The Port of Sydney Harbour (NSW) is administered by the Port Authority of New South Wales, along with Port of Eden and Port of Yamba. N.S.W. Ports manages the ports of Port Botany and Port Kembla on a 99 year lease agreement that began in 2013, and the Port of Newcastle manages Newcastle port on a 98 year lease agreement that began in 2014. The most famous of these six ports is Sydney Harbour with Circular Quay for cruise ships in the Outer Harbour, and several general cargo, and tanker cargoes handled in the Upper Harbour.
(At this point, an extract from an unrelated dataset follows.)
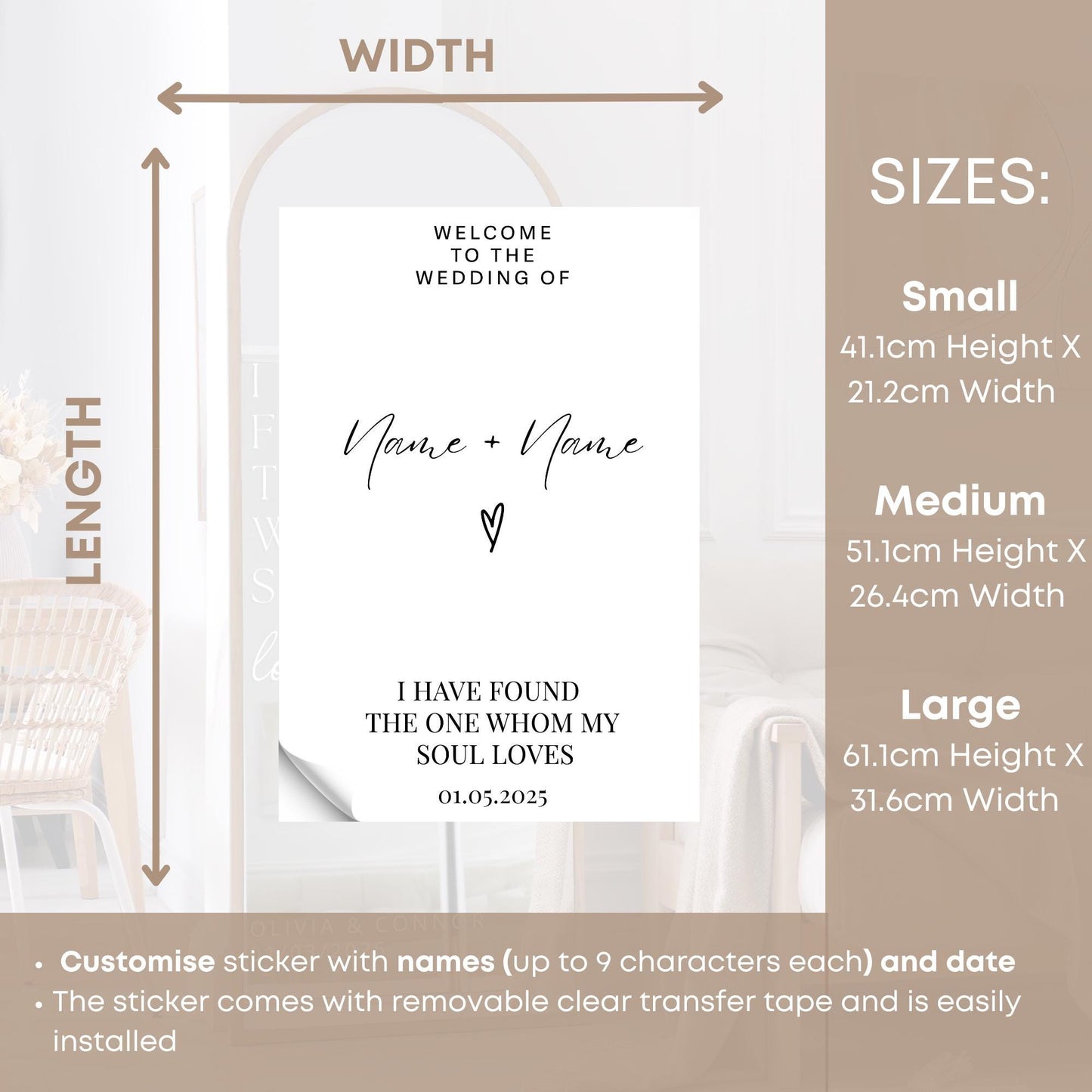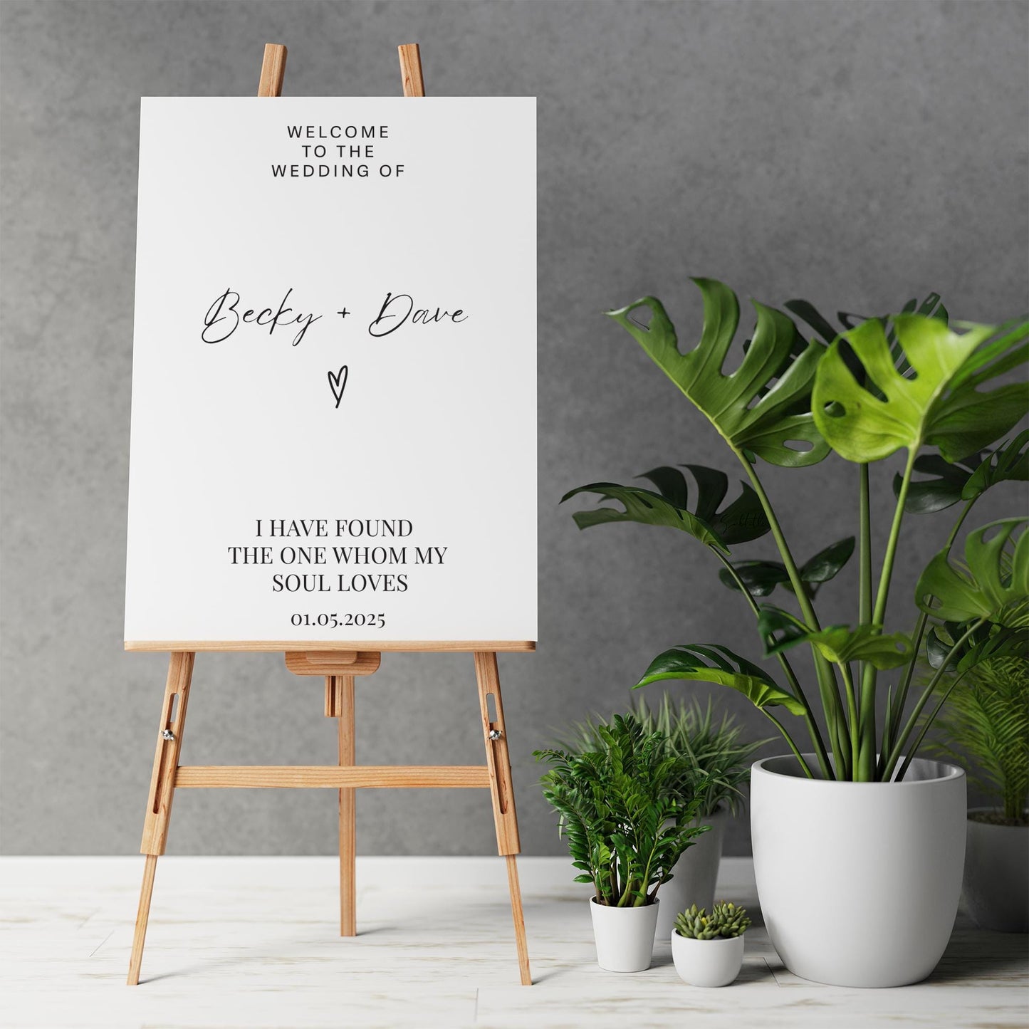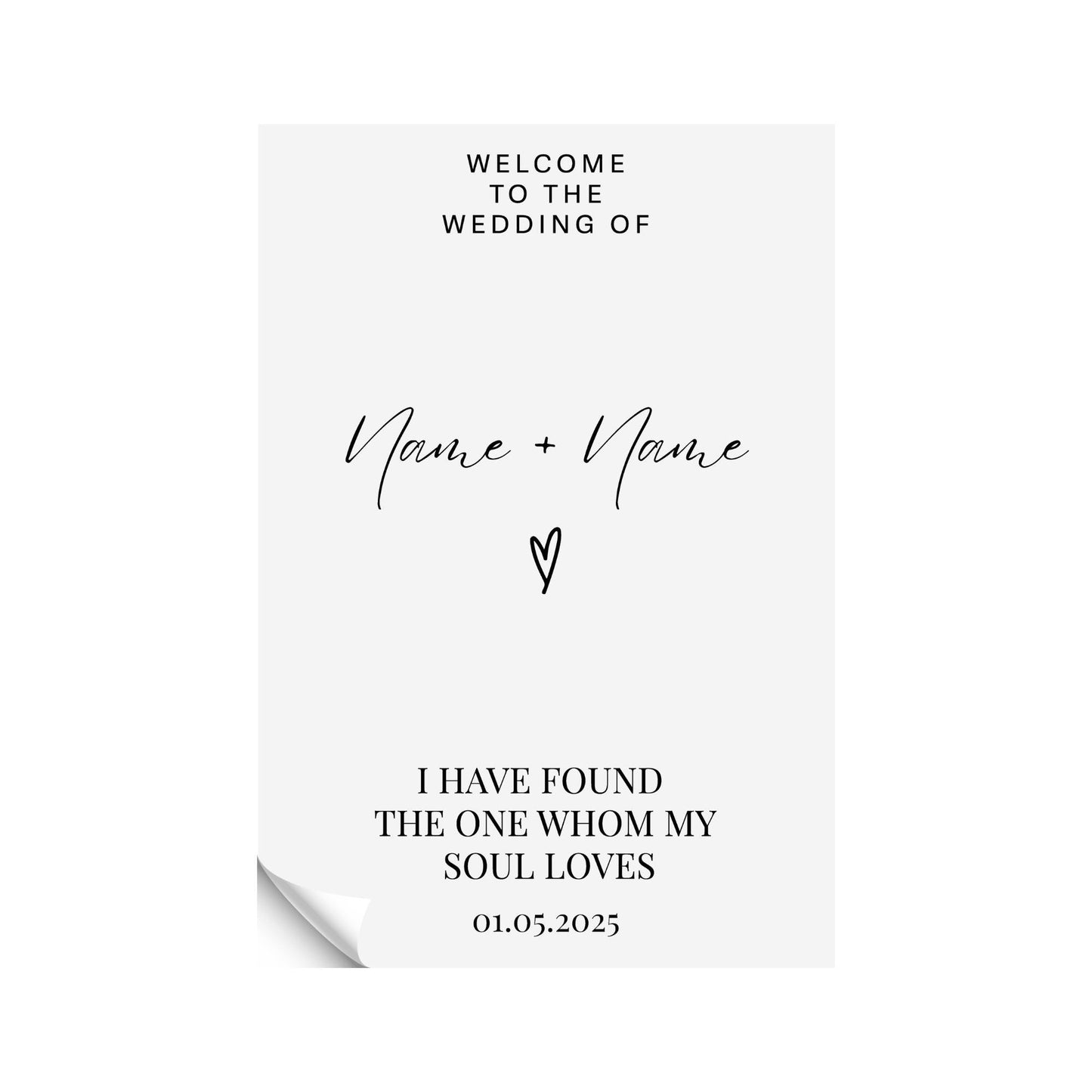 Welcome your guests with love and elegance on your special day! Our beautifully crafted custom wedding sign features the timeless quote, "I have found the one whom my soul loves," making it the perfect addition to your ceremony or reception.

Sydney grew from a small nucleus around the harbour with continuous waves of immigration during the 20th century, including British, Greeks, Italians, Yugoslavians, Pacific Islanders, Filipinos, Indonesians, Japanese, Arabs and Asian peoples into a cosmopolitan city with a dominant English-speaking population. Some 40% of all of the citizens of Sydney were born overseas and have come together into a working melting port of humanity.
Port Botany to the south of Sydney Harbour has a large container terminal, and handles 1,600 ships per year carrying over 2.5 million TEU of containers for import and export to the large Sydney and Port Botany area. The port also specialises in petroleum products, lpg and natural gas. The Vessel Traffic Services (VTS) is based in Port Botany to monitor ship movements and provide navigational assistance to Masters of ships across the Sydney and Port Botany sea area and beyond this area to the south.
HISTORY OF SYDNEY HARBOUR
The Aborigine Cadigal peoples inhabited the Sydney Cove and Harbour area for thirty thousand years. Rock carvings, engravings and art are still visible in the Hawkesbury sandstone of the area, but their settlements have been destroyed by the urban construction of Sydney with a population of 4.1 million in 2006, and currently over 6.0 million call Sydney home in 2023.
In 1770, Capt. James Cook landed at nearby Botany Bay, and made an initial contact with the Aborigine people. In early 1788, Capt. Arthur Phillip arrived at Botany Bay with a fleet of eleven ships and some 1,500 people to establish a convict settlement by order of the British Government. However, he realised that Botany Bay would not support the settlement due to its poor soils and scarce fresh water. He moved the colony north to Sydney Cove on 26th January 1788 at Port Jackson, later renaming the new colony as Sydney after Lord Sydney, the British Home Secretary who had authorised the colony as a penal settlement.